I don’t usually blog about this kind of stuff – and it’s probably not what most people who visit Repurposed Vintage DESIGN’s website want to read. But. I’m a self-proclaimed strong (aggressive is more like it) type A personality and that means I have a lot to say – and this is a great platform for me to say it all on. 🙂
I don’t get caught up in the New Year’s Resolution stuff. In fact, until today, I didn’t have any for the new year. Self development and personal growth are important to me 365 days a year. I am constantly evolving and reflecting on the person I am and who I want to be. That being said……today I was running errands and I got to thinking IF I was a resolution person, what would my resolution have been this year?
And it hit me.
I have none. I don’t mean literal balance. Although, I’m super clumsy and could probably use a little more of actual balance.

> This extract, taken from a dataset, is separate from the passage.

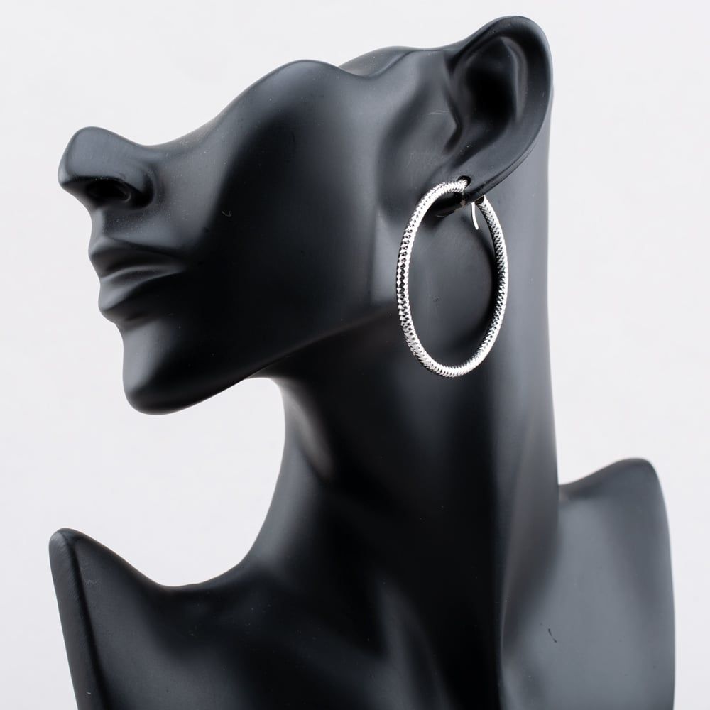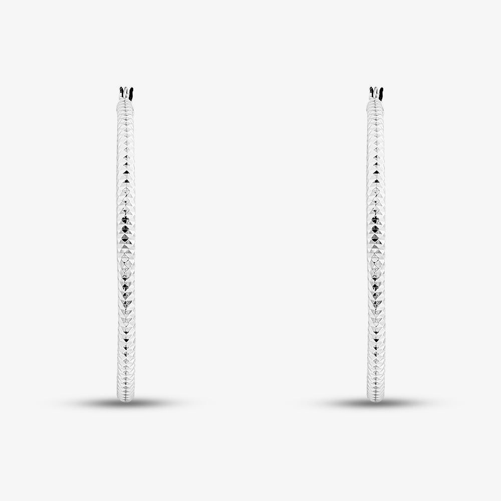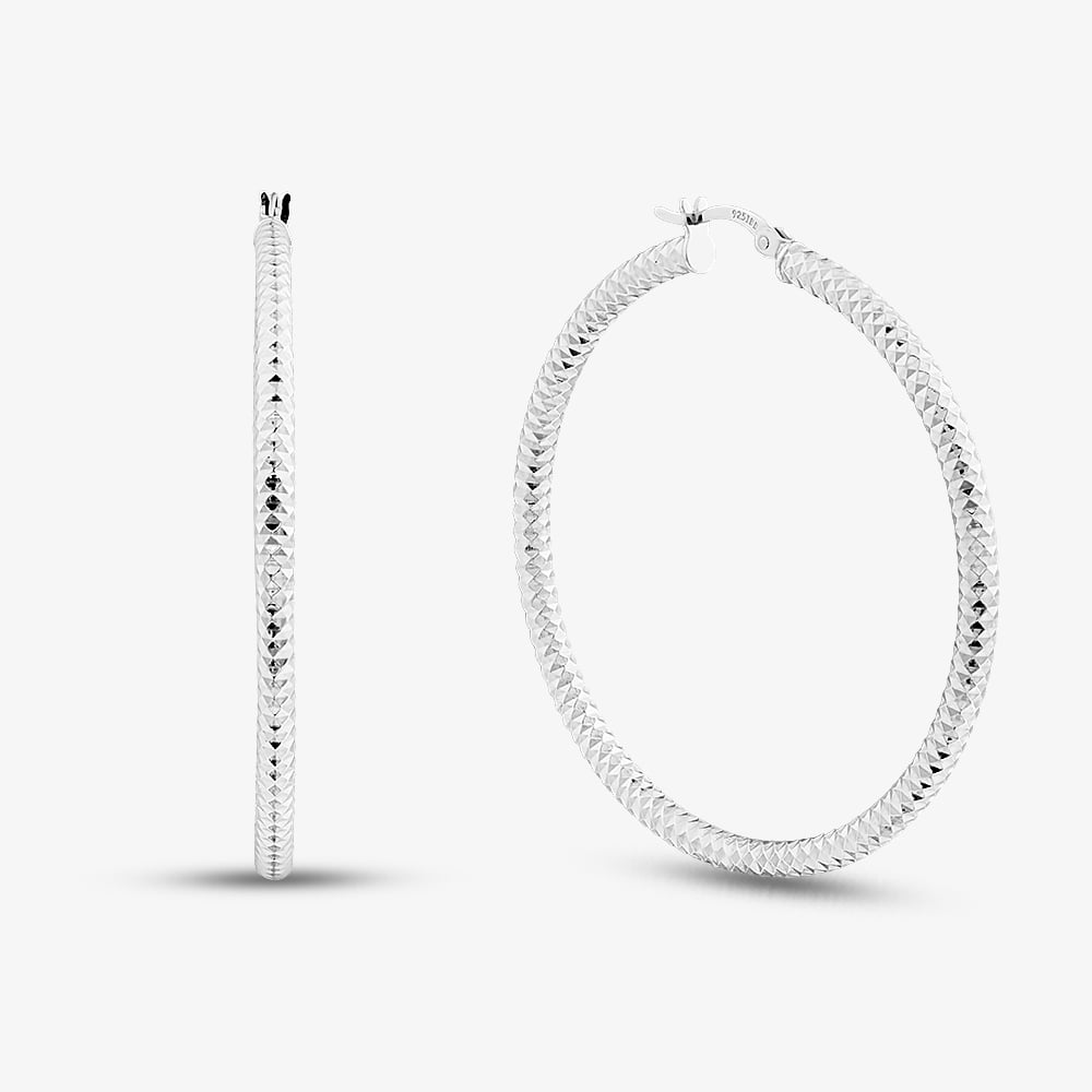 Crafted from high-quality sterling silver and expertly enhanced with rhodium plating, these earrings offer exceptional brilliance and resistance to tarnish, mirroring the luxurious look of white gold. Each hoop features intricate diamond-cut detailing. This unique texture adds a continuous shimmer, ensuring you sparkle from every angle.

What I’m talking about is balance in my life. I am an “all or nothing” kind of person. To an obnoxious fault. When I’m “in” something, I live and breathe it. It consumes me. My business(es), my relationships, etc. I tend to hone in on one or two things, put my head down, and run. Nothing else exists. As one can imagine, this creates an enormous amount of stress on not only myself but my family. The things that suffer as a result of my extreme drive and focus sometimes creates an environment that isn’t conducive for my success. The “or nothing” part frustrates me. I quit my Photography business last summer because my Repurposed business took over my life and I simply cannot have something if it’s not my everything. I would like to be OK with having one successful business and another moderately successful (or even less than moderately) business.
This isn’t all negative though. My drive is something I’m thankful for. It pushes me to chase my dreams and work hard for them no matter what. My drive allows me to overcome obstacles and take risks.
So, I’ve decided that 2015 is my year to achieve balance.
To give myself permission to juggle multiple things in a healthy manner.
To not fear failure so much that I am able to walk away and say no.
There it is.
Oh! And I’m going to try and eat fewer cupcakes. Although, I’m not nearly as committed to that one.